=== Begin Enclosure ===

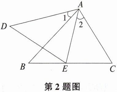 2. 如图,已知∠1 = ∠2,添加下列条件后,仍无法判定△ABC∽△ADE。这个条件是(
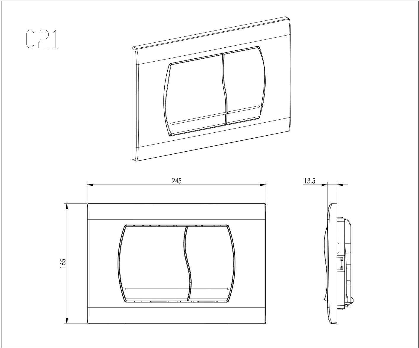 Уплотнительные кольца и мембраны смывного механизма выполнены из силикона, менее подвержены деформации и имеют увеличенный срок службы. Сливная арматура рассчитана на 200 000 циклов использования. Сервисное обслуживание смывного бачка осуществляется через ревизионное окошко, расположенное за клавишей смыва. Регулируемый двойной слив позволяет экономить воду (3/6 л и 4,5/6 л). Латунный клапан бачка обеспечивает надежное перекрывание воды.
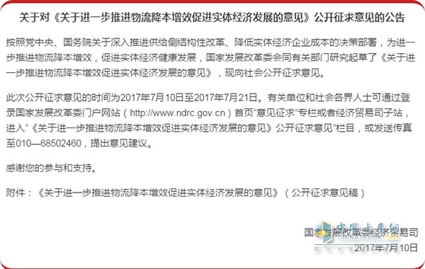 關于進一步推進物流降本增效 促進實體經濟發展的意見
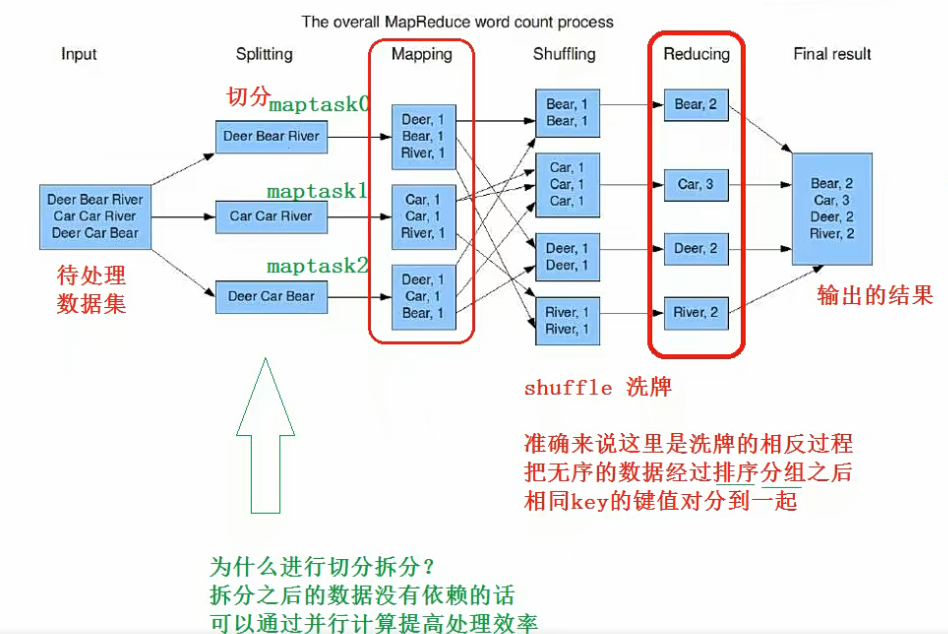 经过shuffle把相同的单词分为一组,把对应的value进行累加,输出的结果就是该单词出现的总次数
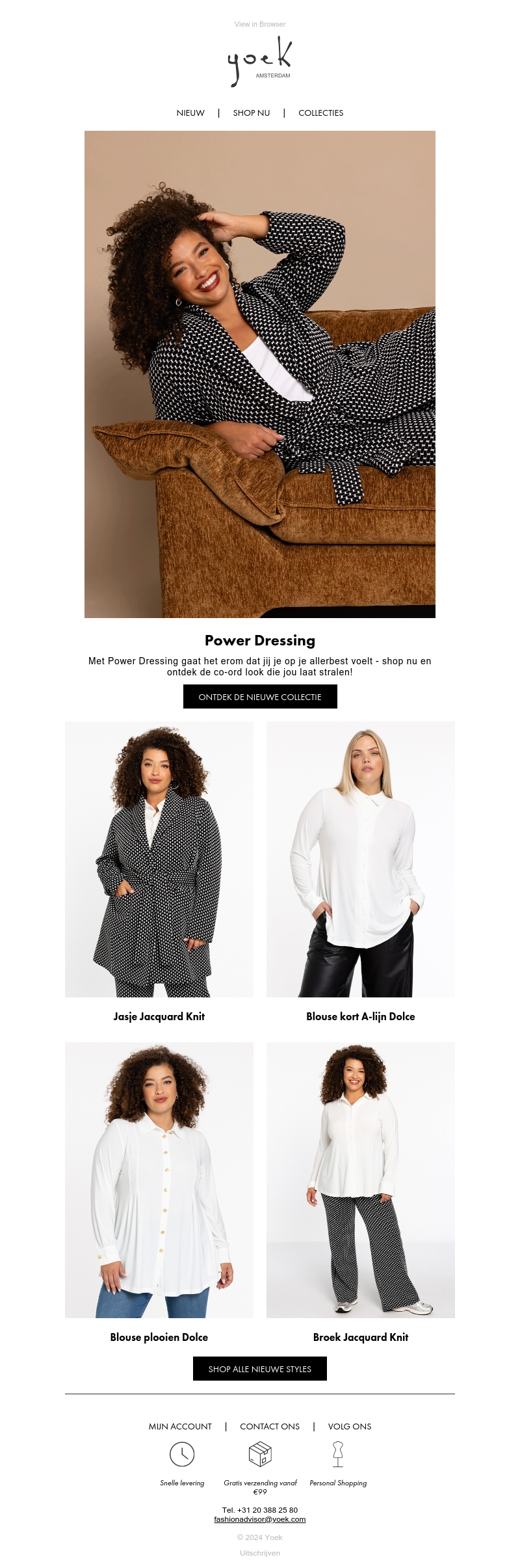 Met Power Dressing gaat het erom dat jij je op je allerbest voelt. Shop nu bij Yoek en ontdek de looks die jou laten stralen! Bekijk onze nieuwste co-ord collecties en vind de perfecte outfit voor elke gelegenheid. Gratis verzending vanaf €99!
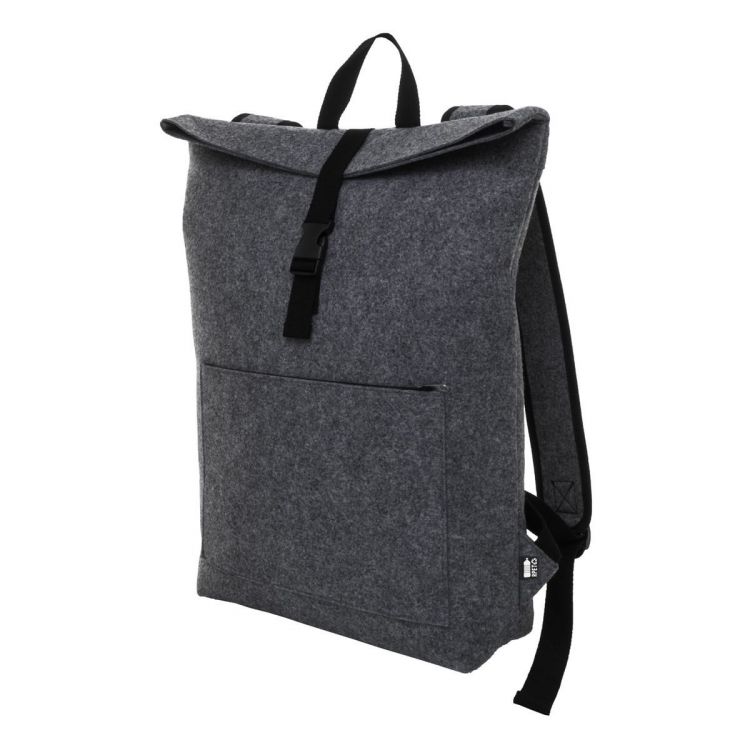 RPET felt rolltop backpack with buckle closure main compartment and zipped front pocket, laptop (15") compartment and padded shoulder straps. With distinctive RPET label.
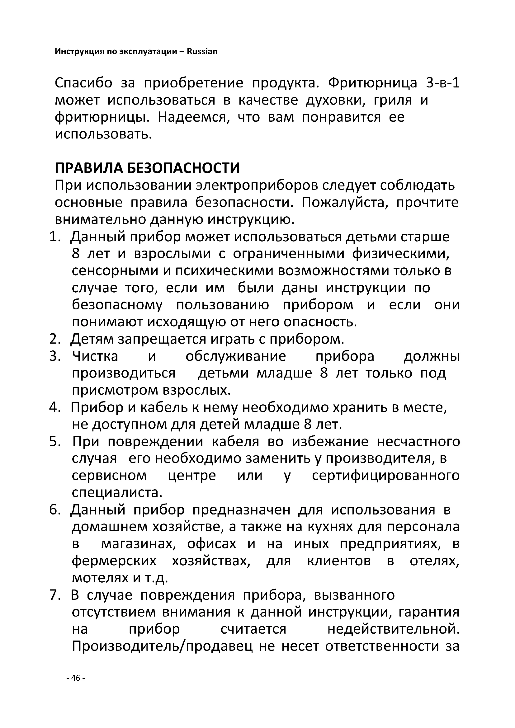 6. Данный прибор предназначен для использования в
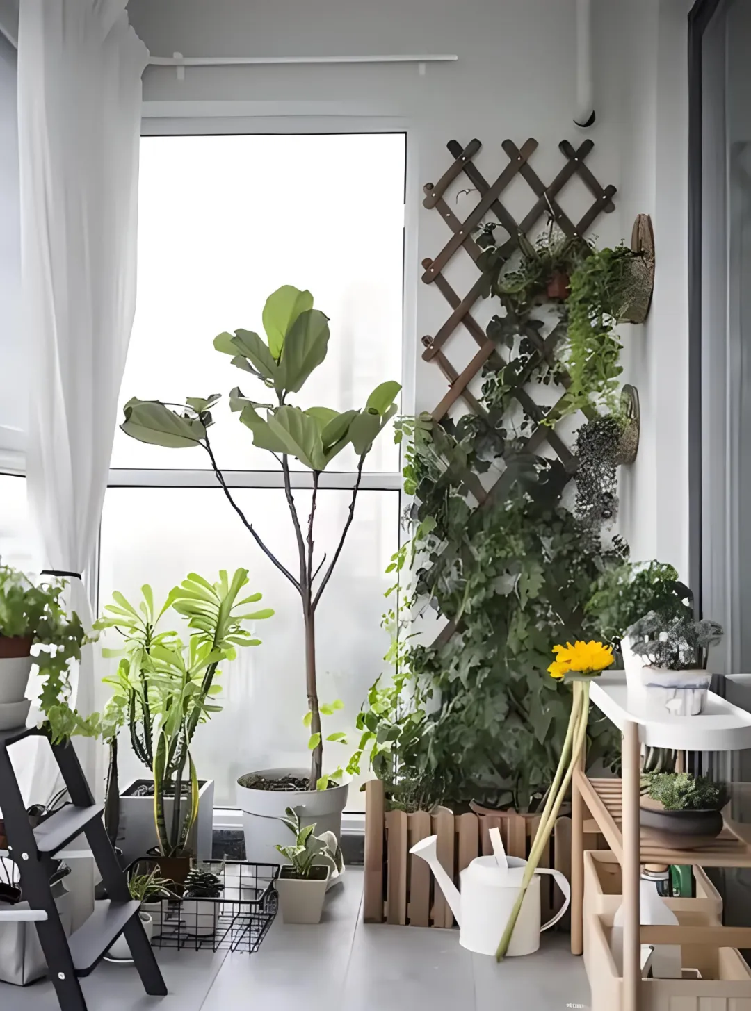 比如,有人在阳台上种了一株三角梅,结果两年后整个阳台都被挤爆了,室内光线被完全遮挡,变得非常昏暗,植物的形态也不够优美。
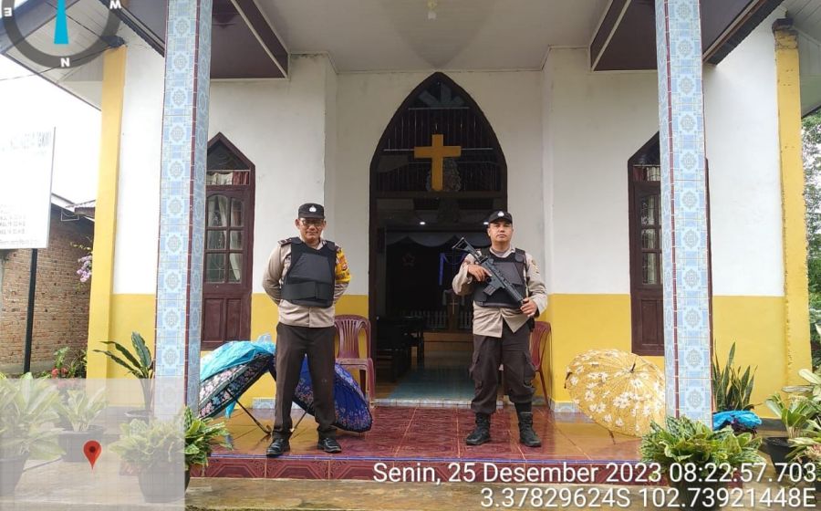 Polsek Padang Ulak Tanding Amankan Ibadah Natal 2023 di Gereja GKII Desa Kasie Kasubun
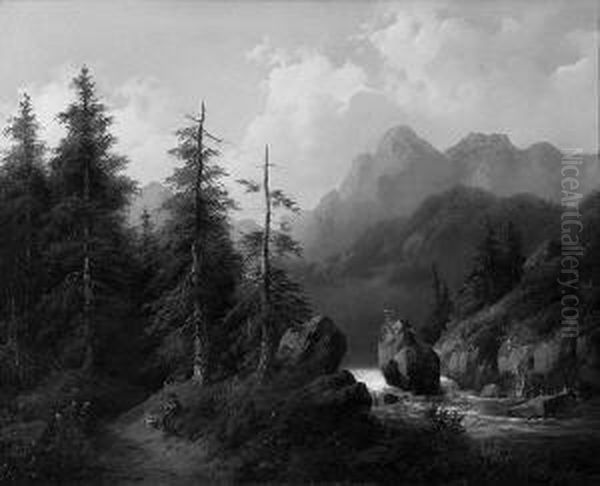 "wanderer Am Gischtenden Gebirgsbach". Sign., Rucks. Betitelt: Partie Bei Salzburg. Ol Auf Lwd. 55 X 69 Cm. Rahmen. Abbildung Seite

=== End Enclosure ===

Could the listing above be transcribed exactly, with the pictures left out?

### EXPECTED ANSWER
 2. 如图,已知∠1 = ∠2,添加下列条件后,仍无法判定△ABC∽△ADE。这个条件是(
 Уплотнительные кольца и мембраны смывного механизма выполнены из силикона, менее подвержены деформации и имеют увеличенный срок службы. Сливная арматура рассчитана на 200 000 циклов использования. Сервисное обслуживание смывного бачка осуществляется через ревизионное окошко, расположенное за клавишей смыва. Регулируемый двойной слив позволяет экономить воду (3/6 л и 4,5/6 л). Латунный клапан бачка обеспечивает надежное перекрывание воды.
 關于進一步推進物流降本增效 促進實體經濟發展的意見
 经过shuffle把相同的单词分为一组,把对应的value进行累加,输出的结果就是该单词出现的总次数
 Met Power Dressing gaat het erom dat jij je op je allerbest voelt. Shop nu bij Yoek en ontdek de looks die jou laten stralen! Bekijk onze nieuwste co-ord collecties en vind de perfecte outfit voor elke gelegenheid. Gratis verzending vanaf €99!
 RPET felt rolltop backpack with buckle closure main compartment and zipped front pocket, laptop (15") compartment and padded shoulder straps. With distinctive RPET label.
 6. Данный прибор предназначен для использования в
 比如,有人在阳台上种了一株三角梅,结果两年后整个阳台都被挤爆了,室内光线被完全遮挡,变得非常昏暗,植物的形态也不够优美。
 Polsek Padang Ulak Tanding Amankan Ibadah Natal 2023 di Gereja GKII Desa Kasie Kasubun
 "wanderer Am Gischtenden Gebirgsbach". Sign., Rucks. Betitelt: Partie Bei Salzburg. Ol Auf Lwd. 55 X 69 Cm. Rahmen. Abbildung Seite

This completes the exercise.